编纂者除了在针对某一国家的文学史叙述时体现出了联系的观点,在各个国家文学的相互关系中,也体现出了这一特点,具体即表现为采用比较的方法,发展的眼光。关于比较文学与世界文学的关系问题,邹建军在《以世界文学为基本对象的比较文学研究》中已有详尽的论述:“从某种意义上来看,世界文学也就是比较文学。世界文学的批评方法是为比较文学研究而运用的,并且已经成为比较文学研究方法的重要内容。比较文学作为一种新的文学批评方法,是伴随着世界文学观念形成与世界文学对象的产生而产生的,因此可以说没有世界文学就没有比较文学。”他还提出比较文学研究可以改变限于某一国家与群族之内的狭小格局,从而开拓出文学研究的新天地的观点。可见,比较文学研究与世界文学研究关系十分紧密,在世界文学史的编纂中注入联系的眼光,比较文学的研究方法是非常必要且有意义的。以该册书的第九编东亚、东南亚与中央亚细亚文学为例,这一编主要介绍了中国文学、朝鲜文学、日本文学、越南文学、藏族文学及蒙古族文学。在具体介绍这一时期的朝鲜文学、日本文学、越南文学时,书中明确提出了汉语文学、文化对其文学、文化、思想的影响,并对相关重点作品或文学特点进行了具体论述;而在论及藏族文学与蒙古族文学时,考虑到其与佛教的密切关系,重点介绍了古印度文学对之产生的深刻影响。通过国与国、民族与民族之间文化交流、影响的介绍以及具体文学史实的比较分析,使得各文化圈、各国家、各民族之间的文学史密切关联起来,整个世界的文学史都更加贯通连融,形成了有机联系的整体,在更加宏观的角度打开了研究世界文学史的新思路。
(三)图文并茂,叙论结合
在我国以往的世界文学史著作中,出了作家影像、重要著作的封皮图片,较少出现相关外文文献的图像资料,即使有些著作带有相关插图,在数量上也十分稀少。而这套《世界文学史》则在论述的过程中对相关的图片资料进行了大量的补充与展示,使我们能够更加直观地了解相应的文学史知识。《世界文学史》第四编下册所载相关资料图片就有三十余张。具有代表性的包括:俄罗斯文学中大司祭阿瓦库姆的手迹(取自阿瓦库姆《行传》)、爱沙尼亚文学中的里加版画、僧伽罗文学中的常古·纳拉扬神庙、爪哇传统哇扬戏、五世达赖喇嘛的藏文作品《王族家谱》、蒙古木版佛教文献《伟大的拯救者》等。其中,人物肖像(如胡安娜·伊内斯·德·拉·克鲁斯的肖像、大司祭阿瓦库姆的肖像等)可以让我们直观地了解当时当地重要的文学者的形象,从感性层面增添对其的了解;景物、节礼等场景图片(如宗教辩论会微型画、印度排灯节微型画、僧伽罗文学中的常古·纳拉扬神庙、爪哇传统哇扬戏、中国《警世通言》中的插图等)则可以使我们对书中所介绍的活动场景形成更明晰的画面感,有助于我们更加准确地理解相应的文字表述;而其中的外文作品文本截图(如俄罗斯文学中大司祭阿瓦库姆的手迹、五世达赖喇嘛的藏文作品《王族家谱》、蒙古木版佛教文献《伟大的拯救者》等),我们虽然由于语言障碍,大多数读者都不能识读,但图片性的展示仍然可以帮助我们对该文本形成一种感官上的印象,从其行文布局特点中直接感受其民族文学、文化的特点。
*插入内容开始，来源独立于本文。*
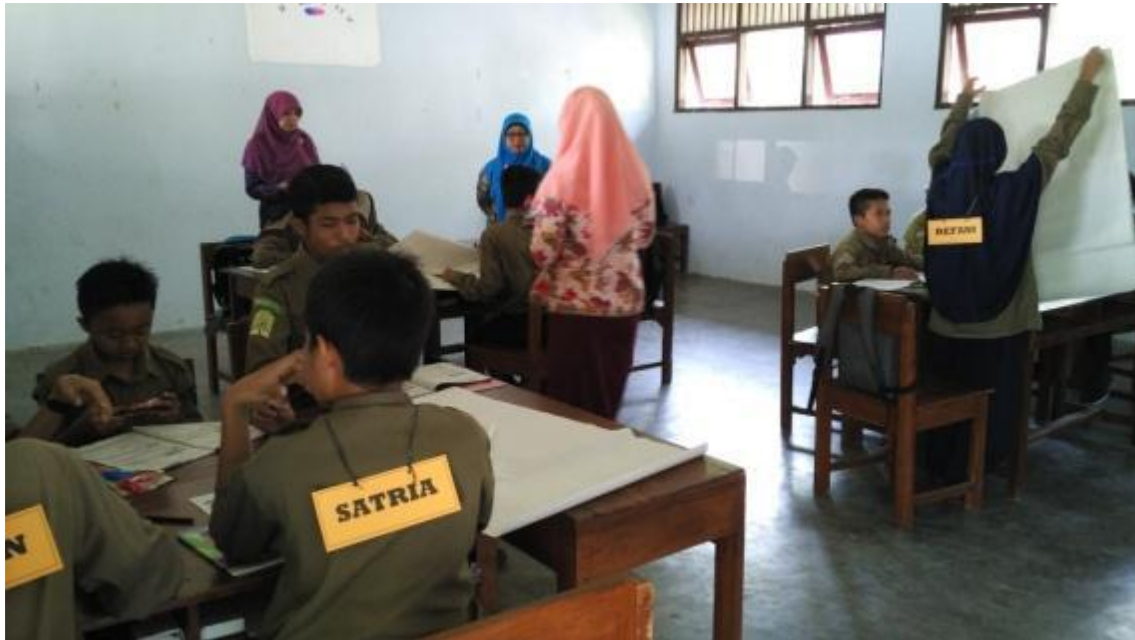
Gambar 8. Kegiatan pembelajaran di kelas.

Kelompok terakhir (kelompok ketiga) yang melakukan kegiatan pendampingan merupakan kelompok sekolah di daerah Bantul bagian timur. Kegiatan pendampingan pada kelompok ini berjalan dengan lancar. Kegiatan pendampingan dilaksanakan sebanyak 3 kali. Kegiatan plan , do dan see dapat dilakukan secara runut pada kelompok ini. Seperti disajikan pada Gambar 9 dan Gambar 10. Sesuai dengan salah satu tujuan kegiatan lesson study terkait perbaikan proses pembelajaran, maka kegiatan pendampingan lesson study pada kelompok 3 ini menunjukkan adanya perbaikan pada proses pembelajaran. Ketika kegiatan do , observer dapat melakukan observasi dengan sungguh-sungguh. Observer mendeskripsikan kondisi pada masing-masing kelompok yang diamati. Berdasarkan hasil pengamatan tersebut, kemudian akan ditarik kesimpulan terkait proses pembelajaran. Evaluasi pada proses pembelajaran menjadi pertimbangan dalam penyusunan plan untuk tahap berikutnya. Hal ini mengarahkan kegiatan pembelajaran yang dilakukan pada pertemuan berikutnya dapat berjalan lebih baik. Siswa berpartisipasi baik di dalam kelompok masing-masing atau di dalam kelas.

相较于现有的其他世界文学史著作,《世界文学史》在内容上不仅仅集中于就具体文学史实平铺直白的介绍,还时常结合当时当地的社会历史文化背景、所论及对象在世界文学史中的实际地位作用以及编纂者个人的理解对客观文学史实进行评论与分析,在整体上形成了一种叙论结合的特点。这一点尤其体现在每一编的序言以及每一章的结尾处,而在具体论述的每一段内容中也会不着痕迹地将评论融会于叙述中,有的是论及现象的原因,有的论及想象的影响及后果,有的则论及其在该国文学史或世界文学史的地位和褒贬倾向,有的就直接提出编纂者对某一问题的观点。例如,在第九编东亚、东南亚与中央亚细亚文学的第一章中国文学中,编纂者在讨论汤显祖的戏剧时就提出了“对于剧作家来说,最重要的是要表达自己的思想和个人的感受”的观点,在下文中继而从此观点出发,对汤显祖的元杂剧创作进行了点评与分析。这种大处大论、小处小论、时而提出观点立论的安排使得我们在阅读的过程中会时不时地得到一些启发,不断引导我们去思考相关问题,并尝试解决该问题。
(四)意识形态的隐现
不可否认,《世界文学史》在很大程度上打破了一些在编纂世界文学史时所固有的偏见,如上文所提到的打破欧美中心主义,突破诗歌、戏剧、小说三大主流文学体裁中心论等,但作为时代、历史、人类意识支配下的产物,通过仔细地研读与体悟,我们仍可发现在文本的结构、叙述中暗藏着以苏俄为中心的意识形态与思想倾向。就第四卷下册的整体架构来看,该册书讨论的是17世纪世界文学史,其第一部分为第三编东斯拉夫文学,包括第一章俄罗斯文学、第二章乌克兰文学、第三章白俄罗斯文学,其中,俄罗斯、乌克兰、白俄罗斯是苏维埃社会主义共和国联盟时期最主要的三个组成民族;第四编波罗的海沿岸的文学主要论述了立陶宛文学、拉脱维亚文学、爱沙尼亚文学等,这其实就是苏联位于波罗的海沿岸的三个加盟共和国;第六编中亚文学实质上是苏联在中亚五个成员国的文学史;第七编外高加索文学中的阿塞拜疆、亚美尼亚、格鲁吉亚等三个国家也是苏联的加盟国家;而第五编近东与中东文学所包含的土耳其、波斯、阿富汗、库尔德、阿拉伯等国家虽并非苏联的成员,但就地理位置而言,它们多与俄罗斯等国接壤,并与其他四个前述编目共同形成了一个以俄罗斯为中心的辐射环,构成了辐射轴上的第一层级。接下来的第八编南亚和东南亚文学、第九编东亚、东南亚与中央亚细亚文学两编则实际上构成了该辐射轴的二级区域。而第十编美洲大陆的文学、第十一编非洲文学两编则可视为该辐射轴的三级区域。这样从整体的框架来看就形成了以俄罗斯为中心逐步向外扩散的局面,这也许在某种程度上就体现出了该部世界文学史布局背后的意识形态。这样的安排明显地突出了以俄罗斯为中心的苏联成员国的地位。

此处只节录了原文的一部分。